Behandeling van kraakbeenletsels op oudere leeftijd is meestal conservatief door middel van kinesitherapie, infiltraties met hyaluronzuur of cortisone. In specifieke gevallen kan er een chirurgische indicatie bestaan voor arthroscopie, kraakbeenbehandeling of verplaatsen van de knieschijf.

In selectieve gevallen van artrose kan prothesechirurgie noodzakelijk zijn.

 

Anterieure kniepijn

Dit is een specifieke welomschreven pijn rond de knieschijf, zonder duidelijke afwijkingen op beeldvorming.  Enerzijds ervaart de patiënt pijn bij lang stilzitten op een stoel of in de auto, anderzijds bij trappen lopen, bij hurken en bergaf stappen.  Soms ervaart de patiënt ook een krakend gevoel.

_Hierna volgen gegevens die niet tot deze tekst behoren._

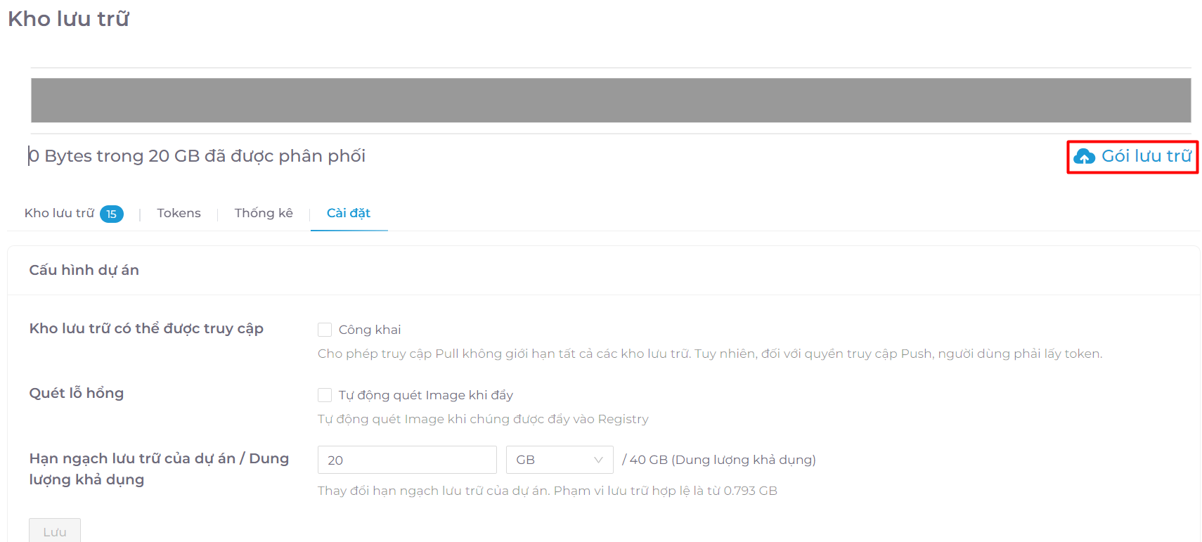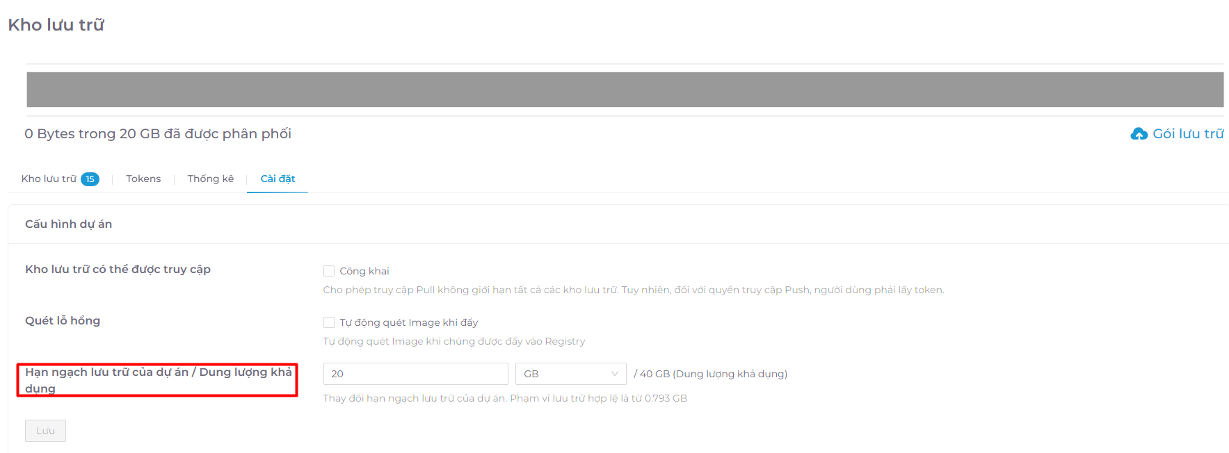 - Tại mục Hạn ngạch lưu trữ của dự án/Dung lượng khả dụng, điền thông tin về dung lượng bạn muốn thay đổi cho dự án, sau đó chọn Lưu.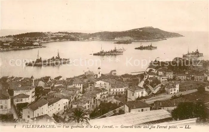 Villefranche-sur-Mer Vue générale et le Cap Ferrat Bateaux Villefranche-sur-Mer postalisch nicht gelaufen bis 1920 Erhaltung siehe scans [FriedD77] Frierer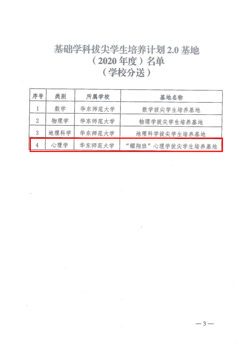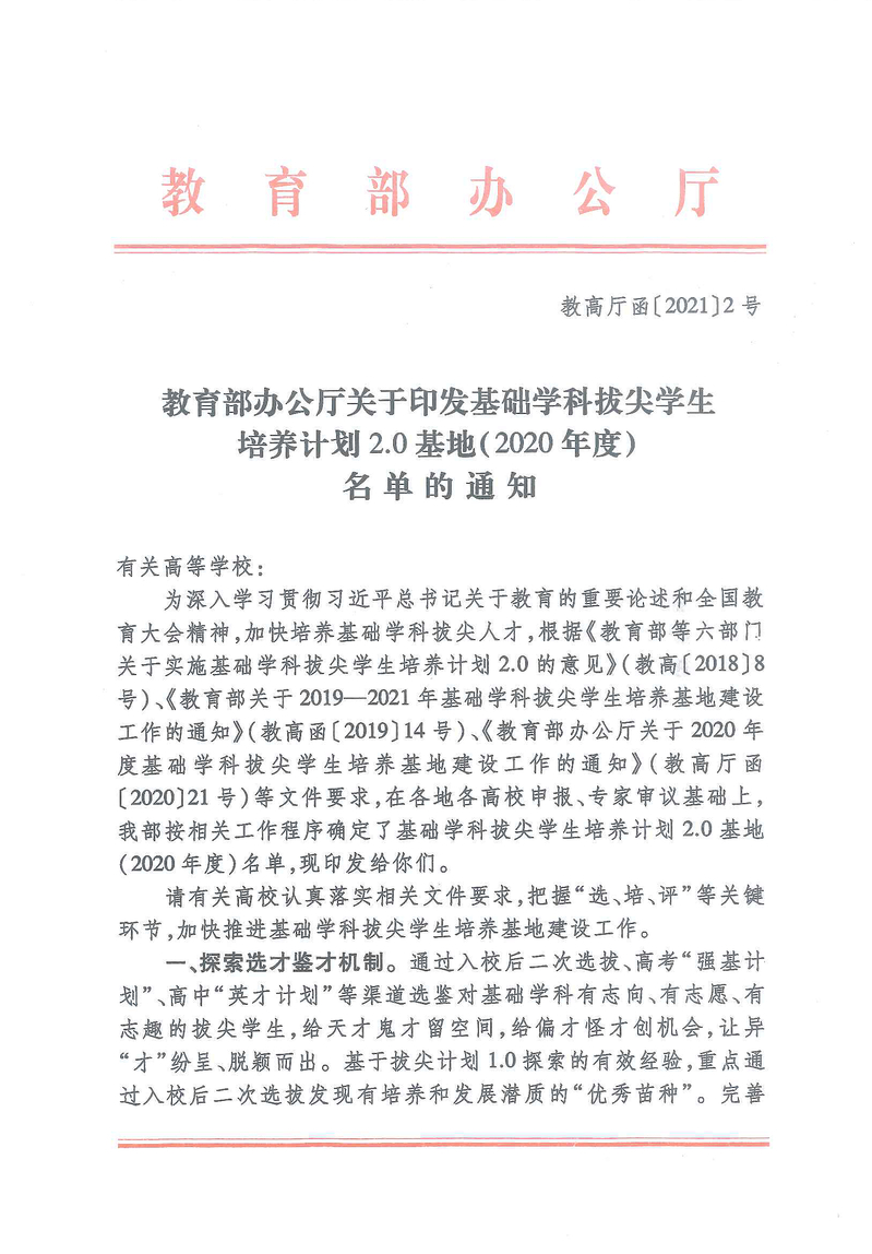 近日,教育部办公厅发布了基础学科拔尖学生培养计划2.0基地(2020年度)名单,我院“‘耀翔班’心理学拔尖学生培养基地”成功入选“国家基础科学拔尖学生培养计划2.0基地”。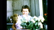 Actors sitting around the table talking to each other under a tent, woman smiling with children in Marfa, Texas 1950s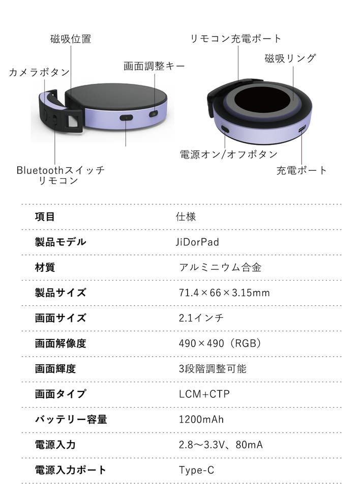 私たち開発チームは、ライブ配信文化に注目し、クリエイターの「ソロ撮影が難しい」「簡単に高品質な映像を撮りたい」という声から JiDorPad を開発。2.1インチ高解像度ディスプレイ(490x490)で美しい映像を実現し、MagSafe対応でピタッと装着、マグネットリモコンでワンタッチ撮影を可能に。円形デザインはSNS映えも意識。メイクやフィットネス、アウトドアなど多用途に対応し、どこでも使える軽量設計(71.4×66×3.15mm)にこだわりました。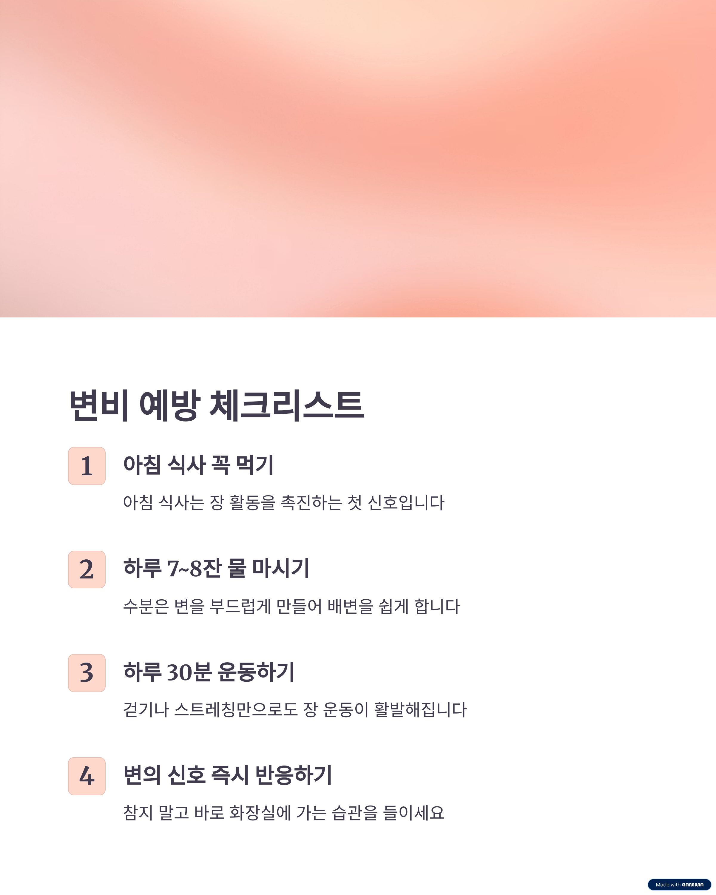 - 변비 예방을 위한 생활 습관 체크리스트

De behandeling bestaat essentieel uit kinesitherapie en ontstekingsremmers zo nodig. De nadruk ligt op gesloten ketenoefeningen en excentrische oefentherapie ter ontlasten van het patellofemorale gewricht. Fietsen is bijzonder belangrijk in het kader van de behandeling.

Een artroscopisch nazicht wordt in uitzonderlijke gevallen verricht.